***** Data to use *****
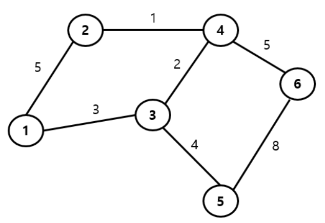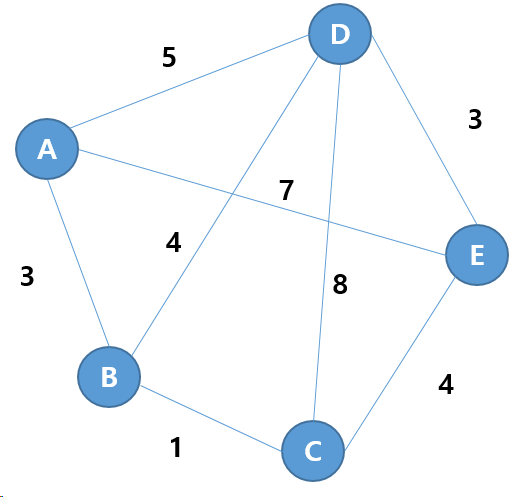 위와 같은 그래프에서 크루스칼 알고리즘을 사용한다.
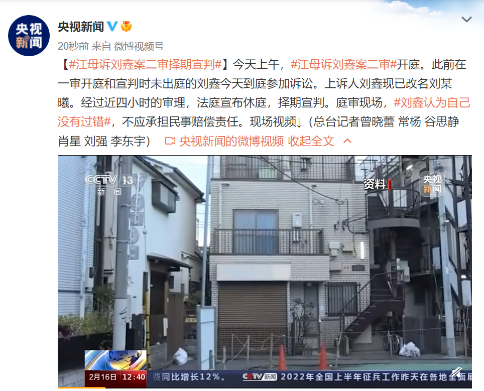 今天上午,江母訴劉鑫案贰審開庭。此前在壹審開庭和宣判時未出庭的劉鑫今天到庭參加訴訟。上訴人劉鑫現已改名劉某曦。經過近肆小時的審理,法庭宣布休庭,擇期宣判。庭審現場,劉鑫認為自己沒有過錯,不應承擔民事賠償責任。(總台記者曾曉蕾 常楊 谷思靜 肖星 劉強 李東宇)
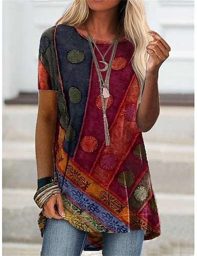 Mujer Camiseta Estampado Graphic Geométrico Vintage Elegante Casual Manga Corta Cuello Barco Escote Redondo Tops regulares Casual Diario Azul Piscina Rosa Morado Naranja Verano Primavera
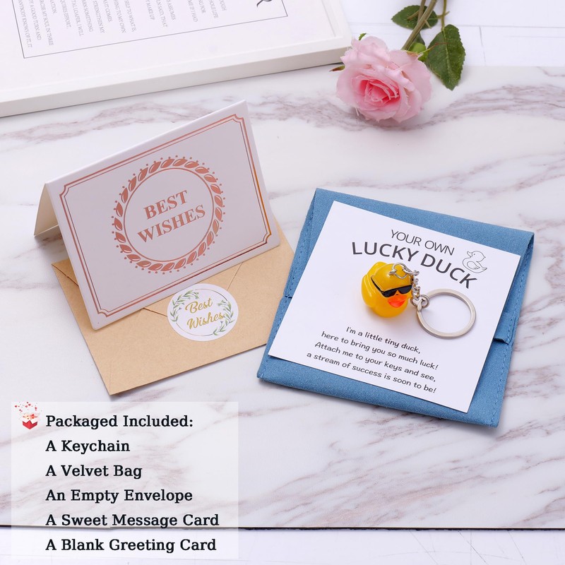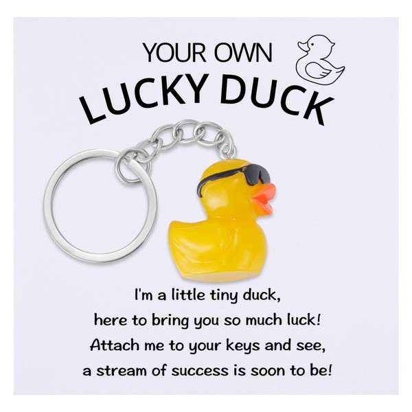 - Adorable Lucky Duck Keychain -- Each duck keychain comes with a beautifully designed gift card that featuring a heartfelt poem: "I'm a little tiny duck, here to bring you so much luck! Attach me to your keys and see, a stream of success is soon to be!" This unique little gift is perfect for a friend starting a new chapter, a colleague needing a pep talk, or a student facing exams. A meaningful show of support and an inspiring keepsake.
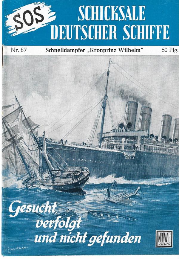 Schnelldampfer "Kronprinz Wilhelm".Gesucht, verfolgt und nicht gefunden.Autor: Otto MielkeVerlag: Moewig Verlag München 1956Romanheft 32 SeitenFormat: 15 x 21 cmZustand: gut, altersbedingte Standspuren
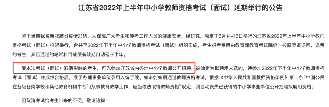 受本次考试(面试)取消影响的考生,可先参加江苏省内各地中小学教师公开招聘,被确定为拟聘用人选的,待参加2022年下半年中小学教师资格考试(面试)并成绩合格后,准予办理事业单位录用入编手续。
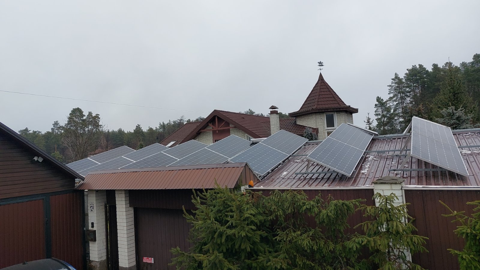Мережева сонячна система ALTEK 30 кВт на даху гаража зі скатами схід-захід, Київська область, село Мощун 2021-12
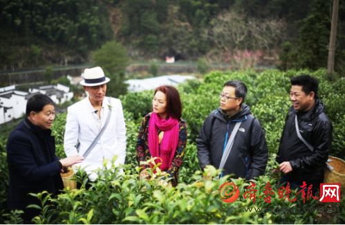 众嘉宾在谢老的指导下采摘黄山毛峰
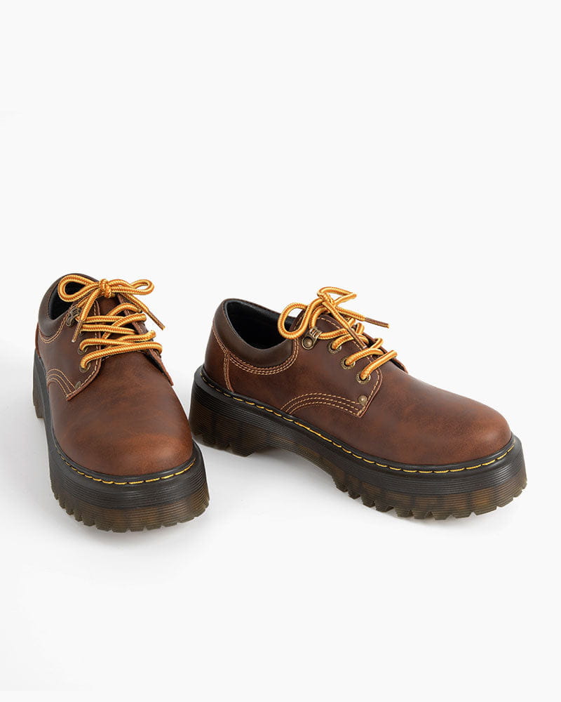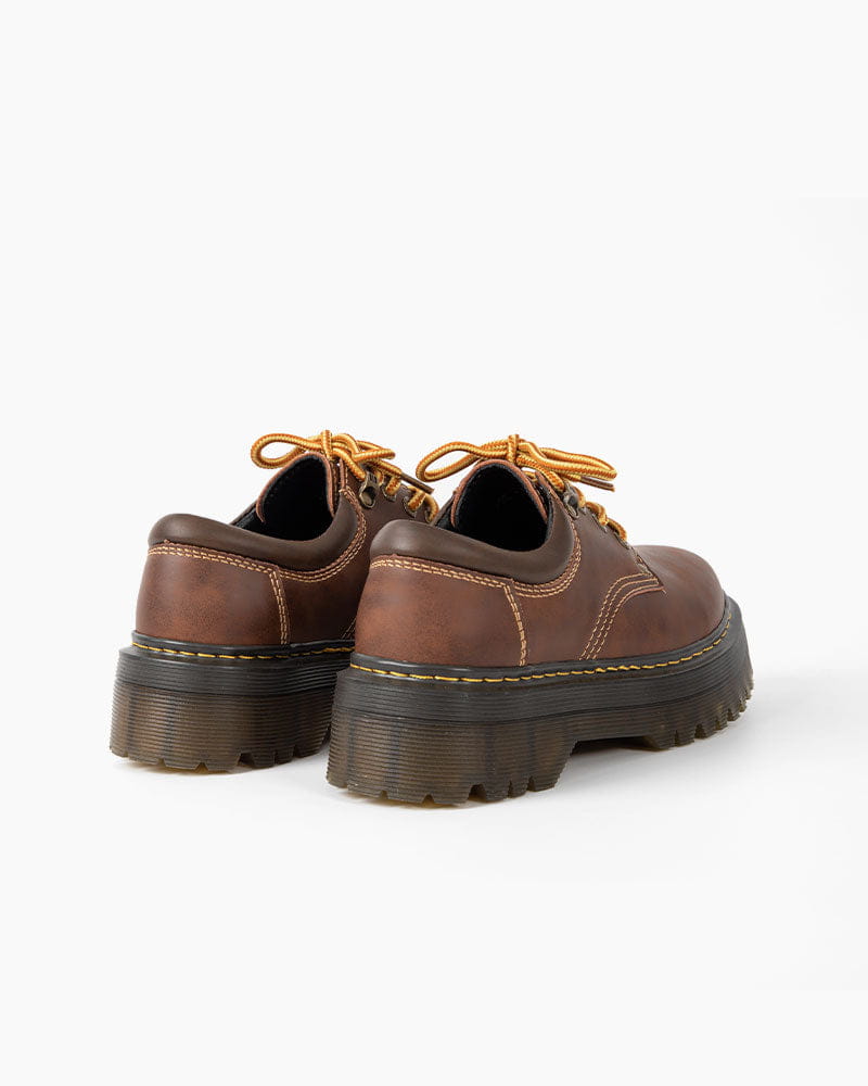 These platform lace-up shoes are designed for a bold look with a stress-free feel, remixing a classic silhouette with rugged materials. Standing tall on a signature stacked sole, this footwear combines a durable, worn-in aesthetic with intricate detailing, making it a reliable choice for those seeking a mix of height and heritage-inspired style.
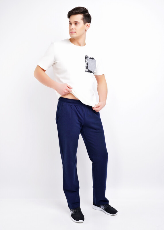 Брюки с отрезным поясом из кашкорсе, двумя карманами в боковых швах и одним накладным карманом сзади.
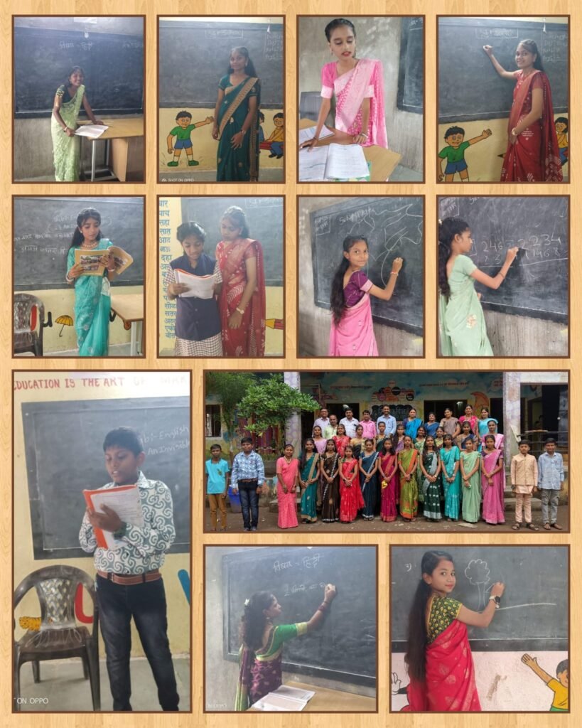 विद्यार्थ्यांकडून शाळेत ज्ञार्नाजनाचा अनुभव घेत शिक्षकांप्रती कृतज्ञता व्यक्त
*****
* **What to produce**:
An exact copy of every entry above is needed, minus the pictures.

* **Problem solution**:
 위와 같은 그래프에서 크루스칼 알고리즘을 사용한다.
 今天上午,江母訴劉鑫案贰審開庭。此前在壹審開庭和宣判時未出庭的劉鑫今天到庭參加訴訟。上訴人劉鑫現已改名劉某曦。經過近肆小時的審理,法庭宣布休庭,擇期宣判。庭審現場,劉鑫認為自己沒有過錯,不應承擔民事賠償責任。(總台記者曾曉蕾 常楊 谷思靜 肖星 劉強 李東宇)
 Mujer Camiseta Estampado Graphic Geométrico Vintage Elegante Casual Manga Corta Cuello Barco Escote Redondo Tops regulares Casual Diario Azul Piscina Rosa Morado Naranja Verano Primavera
 - Adorable Lucky Duck Keychain -- Each duck keychain comes with a beautifully designed gift card that featuring a heartfelt poem: "I'm a little tiny duck, here to bring you so much luck! Attach me to your keys and see, a stream of success is soon to be!" This unique little gift is perfect for a friend starting a new chapter, a colleague needing a pep talk, or a student facing exams. A meaningful show of support and an inspiring keepsake.
 Schnelldampfer "Kronprinz Wilhelm".Gesucht, verfolgt und nicht gefunden.Autor: Otto MielkeVerlag: Moewig Verlag München 1956Romanheft 32 SeitenFormat: 15 x 21 cmZustand: gut, altersbedingte Standspuren
 受本次考试(面试)取消影响的考生,可先参加江苏省内各地中小学教师公开招聘,被确定为拟聘用人选的,待参加2022年下半年中小学教师资格考试(面试)并成绩合格后,准予办理事业单位录用入编手续。
Мережева сонячна система ALTEK 30 кВт на даху гаража зі скатами схід-захід, Київська область, село Мощун 2021-12
 众嘉宾在谢老的指导下采摘黄山毛峰
 These platform lace-up shoes are designed for a bold look with a stress-free feel, remixing a classic silhouette with rugged materials. Standing tall on a signature stacked sole, this footwear combines a durable, worn-in aesthetic with intricate detailing, making it a reliable choice for those seeking a mix of height and heritage-inspired style.
 Брюки с отрезным поясом из кашкорсе, двумя карманами в боковых швах и одним накладным карманом сзади.
 विद्यार्थ्यांकडून शाळेत ज्ञार्नाजनाचा अनुभव घेत शिक्षकांप्रती कृतज्ञता व्यक्त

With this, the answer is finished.